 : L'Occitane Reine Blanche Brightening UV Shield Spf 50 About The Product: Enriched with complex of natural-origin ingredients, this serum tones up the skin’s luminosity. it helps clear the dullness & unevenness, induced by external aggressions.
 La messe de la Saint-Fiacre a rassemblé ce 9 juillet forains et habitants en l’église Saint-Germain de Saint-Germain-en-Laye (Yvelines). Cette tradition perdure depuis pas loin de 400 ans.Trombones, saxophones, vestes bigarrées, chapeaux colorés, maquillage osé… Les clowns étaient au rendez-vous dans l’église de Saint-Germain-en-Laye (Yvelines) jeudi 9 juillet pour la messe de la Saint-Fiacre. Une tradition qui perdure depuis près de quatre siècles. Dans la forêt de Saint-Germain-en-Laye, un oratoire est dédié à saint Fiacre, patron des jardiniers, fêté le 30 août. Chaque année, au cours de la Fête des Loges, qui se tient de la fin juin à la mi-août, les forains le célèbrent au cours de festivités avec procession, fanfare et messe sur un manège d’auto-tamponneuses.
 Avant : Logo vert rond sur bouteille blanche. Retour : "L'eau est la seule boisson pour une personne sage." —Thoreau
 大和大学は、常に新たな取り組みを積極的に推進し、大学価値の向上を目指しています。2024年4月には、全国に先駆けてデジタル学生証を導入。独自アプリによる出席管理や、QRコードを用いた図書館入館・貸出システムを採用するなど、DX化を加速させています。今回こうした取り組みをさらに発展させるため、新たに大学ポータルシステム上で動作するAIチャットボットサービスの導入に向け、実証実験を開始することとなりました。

- - - - - - -

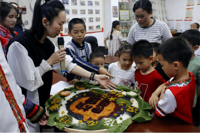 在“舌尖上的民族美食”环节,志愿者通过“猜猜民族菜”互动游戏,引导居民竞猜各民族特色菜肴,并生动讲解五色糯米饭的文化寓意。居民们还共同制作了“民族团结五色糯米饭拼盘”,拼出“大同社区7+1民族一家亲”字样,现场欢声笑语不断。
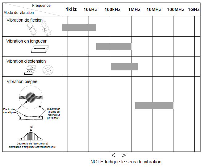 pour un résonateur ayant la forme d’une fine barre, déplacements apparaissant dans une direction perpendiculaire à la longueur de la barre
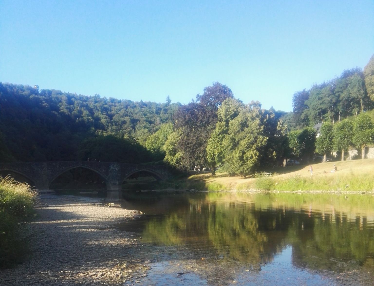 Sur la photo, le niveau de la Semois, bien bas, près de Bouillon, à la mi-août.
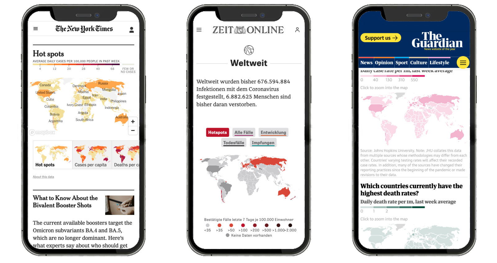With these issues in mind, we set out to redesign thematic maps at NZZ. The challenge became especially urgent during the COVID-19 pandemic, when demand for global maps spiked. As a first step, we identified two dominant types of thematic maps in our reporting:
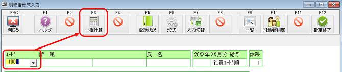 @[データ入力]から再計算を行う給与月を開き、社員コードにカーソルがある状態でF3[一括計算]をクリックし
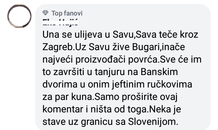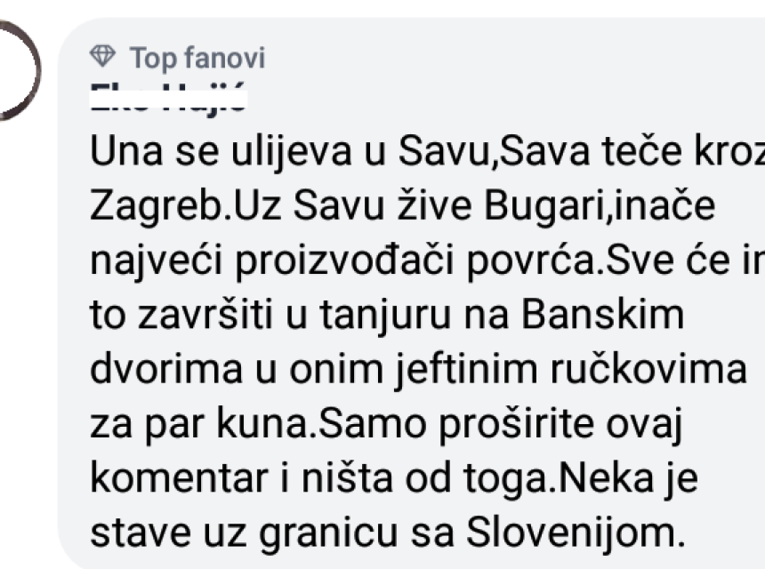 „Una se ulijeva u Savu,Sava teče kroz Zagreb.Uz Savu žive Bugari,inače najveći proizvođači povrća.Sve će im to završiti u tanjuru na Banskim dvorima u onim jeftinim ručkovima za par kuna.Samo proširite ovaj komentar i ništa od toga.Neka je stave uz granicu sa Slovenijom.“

- - - - - - -

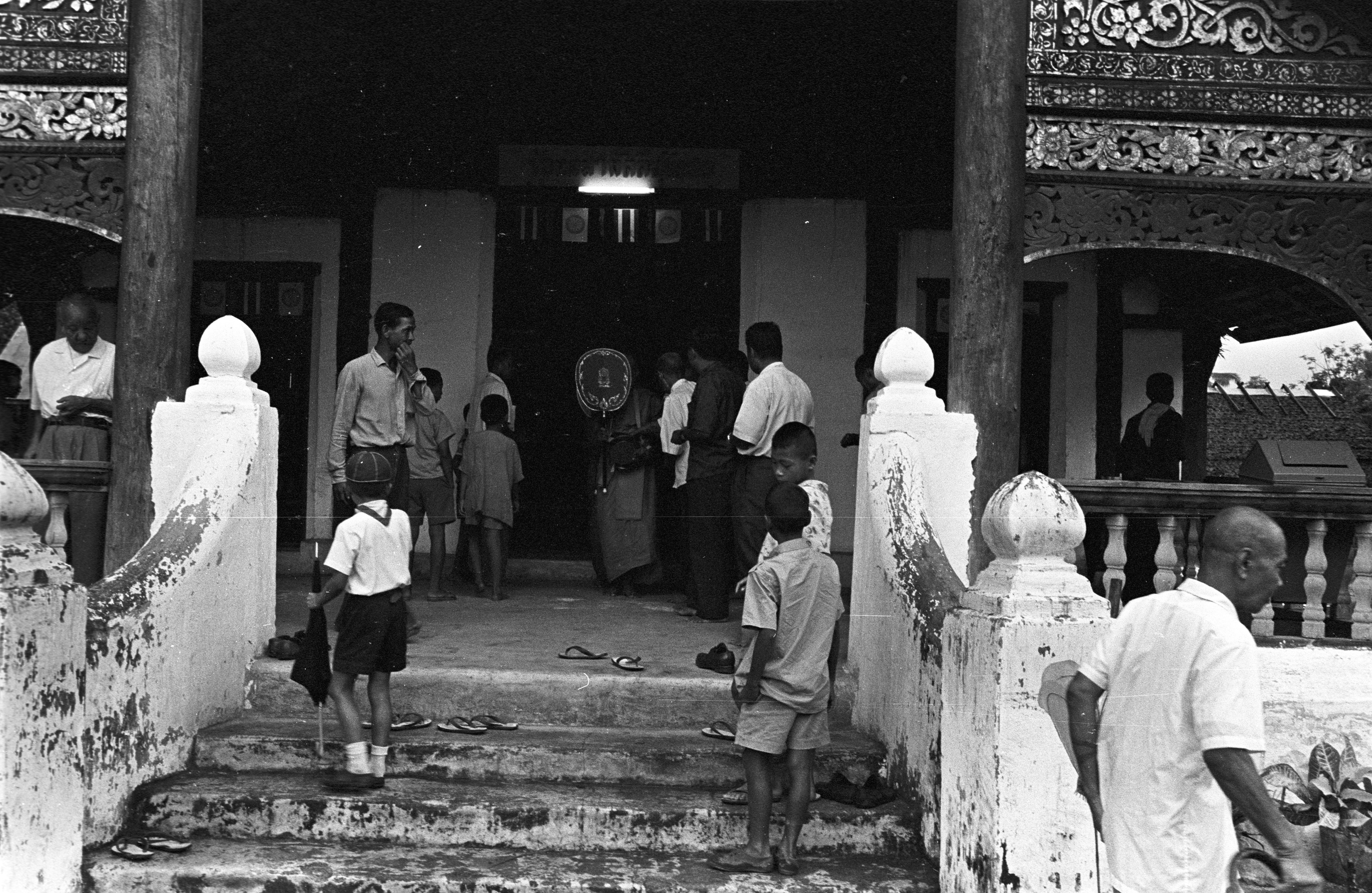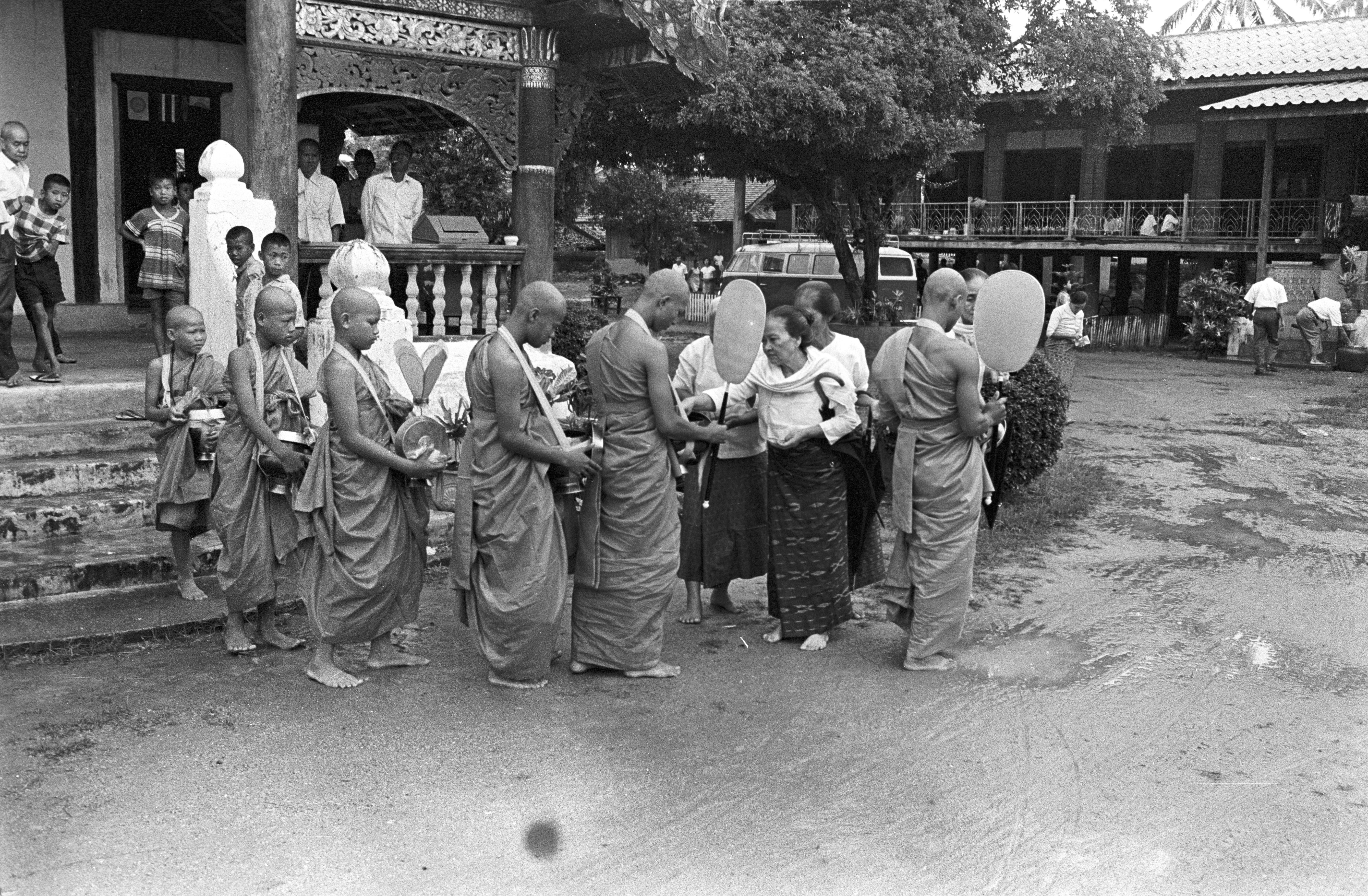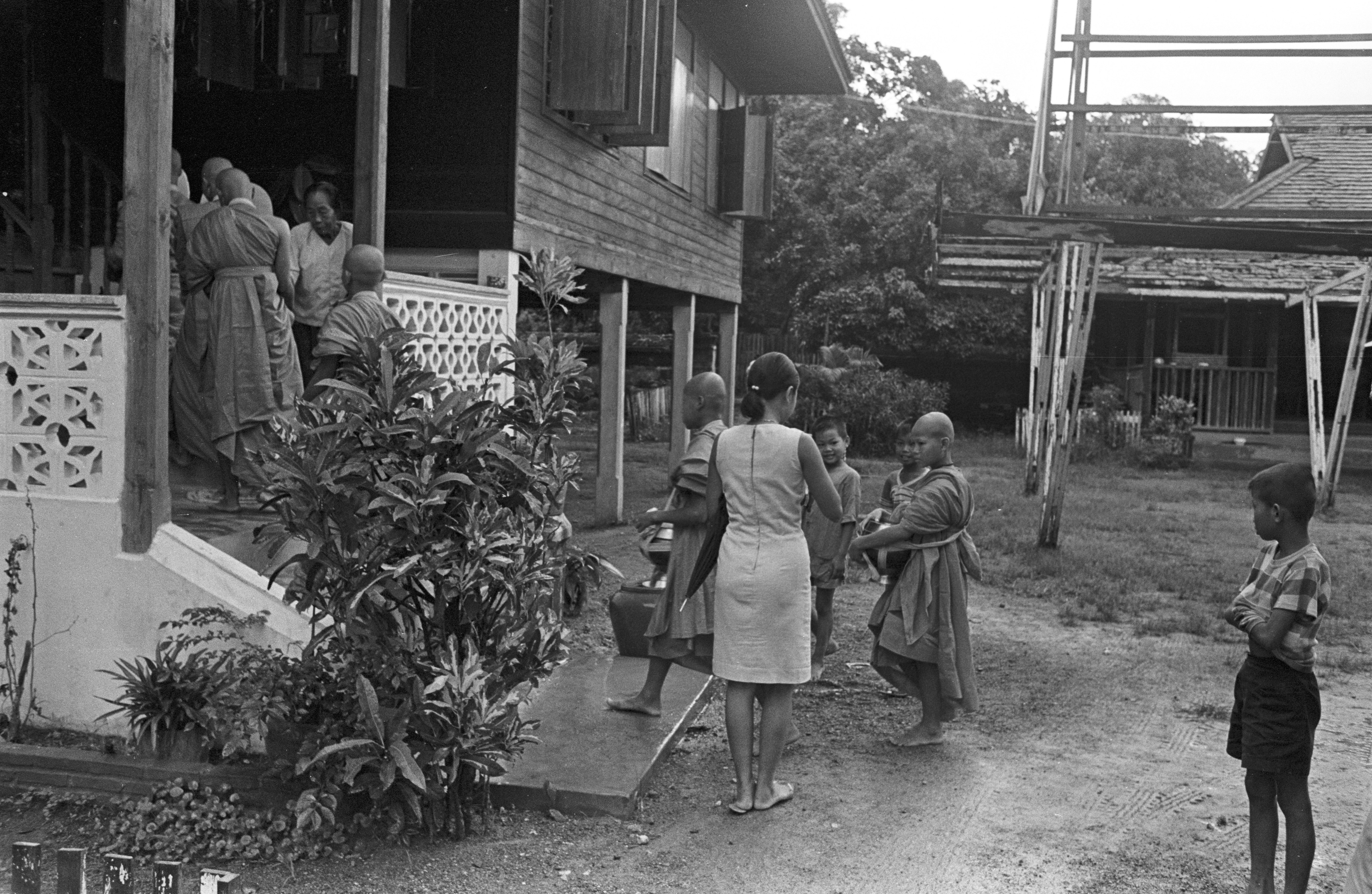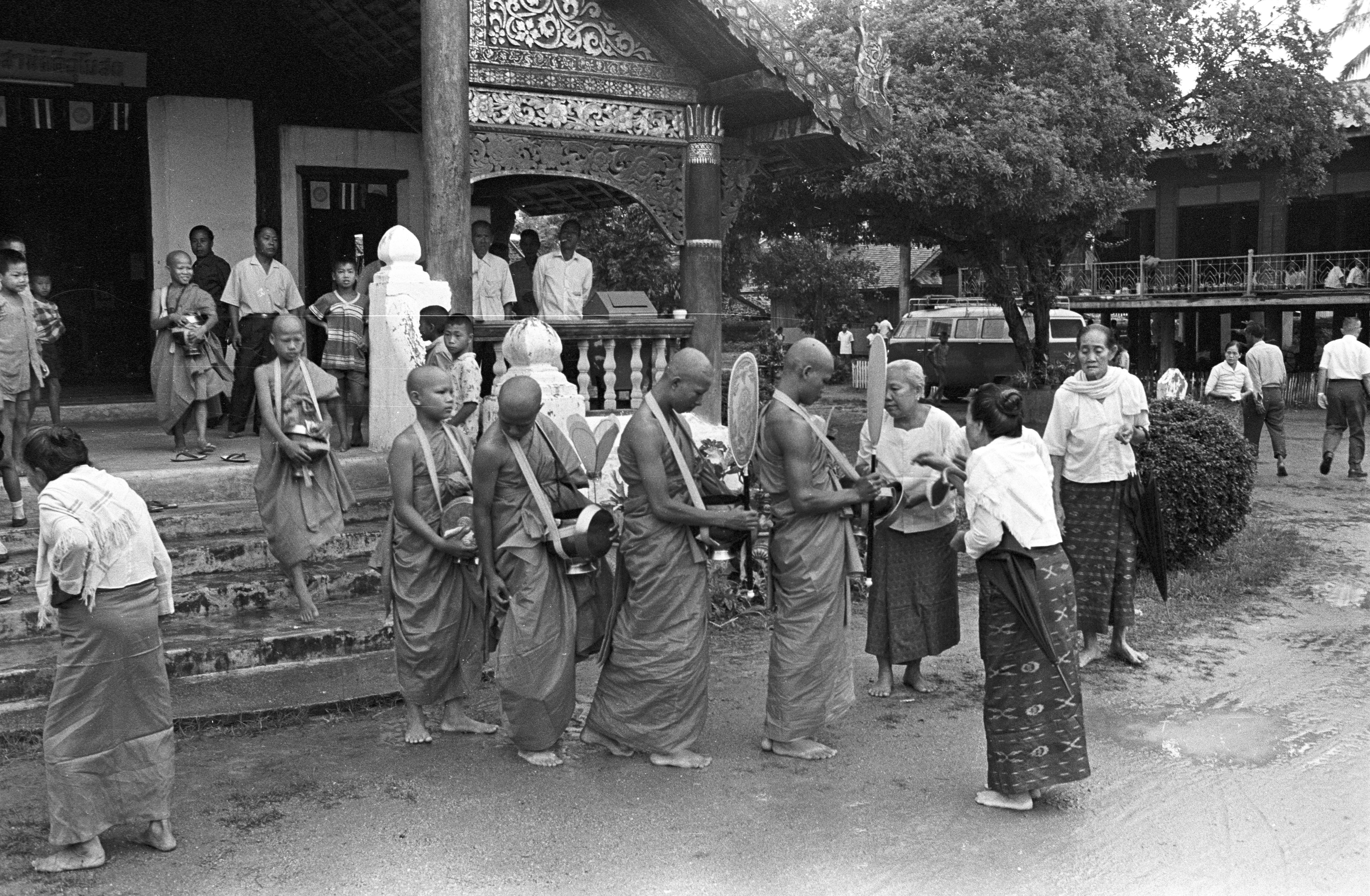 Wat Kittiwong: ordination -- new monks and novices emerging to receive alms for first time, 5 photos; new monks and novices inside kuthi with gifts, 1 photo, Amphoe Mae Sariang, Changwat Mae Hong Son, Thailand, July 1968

- - - - - - -

**TASK INSTRUCTIONS**
Give back exactly the lines above from the one with "Sur la photo, le" through the one with "se ulijeva u", both included. Pictures don't belong in the copy.

**RESULT**
 Sur la photo, le niveau de la Semois, bien bas, près de Bouillon, à la mi-août.
With these issues in mind, we set out to redesign thematic maps at NZZ. The challenge became especially urgent during the COVID-19 pandemic, when demand for global maps spiked. As a first step, we identified two dominant types of thematic maps in our reporting:
 @[データ入力]から再計算を行う給与月を開き、社員コードにカーソルがある状態でF3[一括計算]をクリックし
 „Una se ulijeva u Savu,Sava teče kroz Zagreb.Uz Savu žive Bugari,inače najveći proizvođači povrća.Sve će im to završiti u tanjuru na Banskim dvorima u onim jeftinim ručkovima za par kuna.Samo proširite ovaj komentar i ništa od toga.Neka je stave uz granicu sa Slovenijom.“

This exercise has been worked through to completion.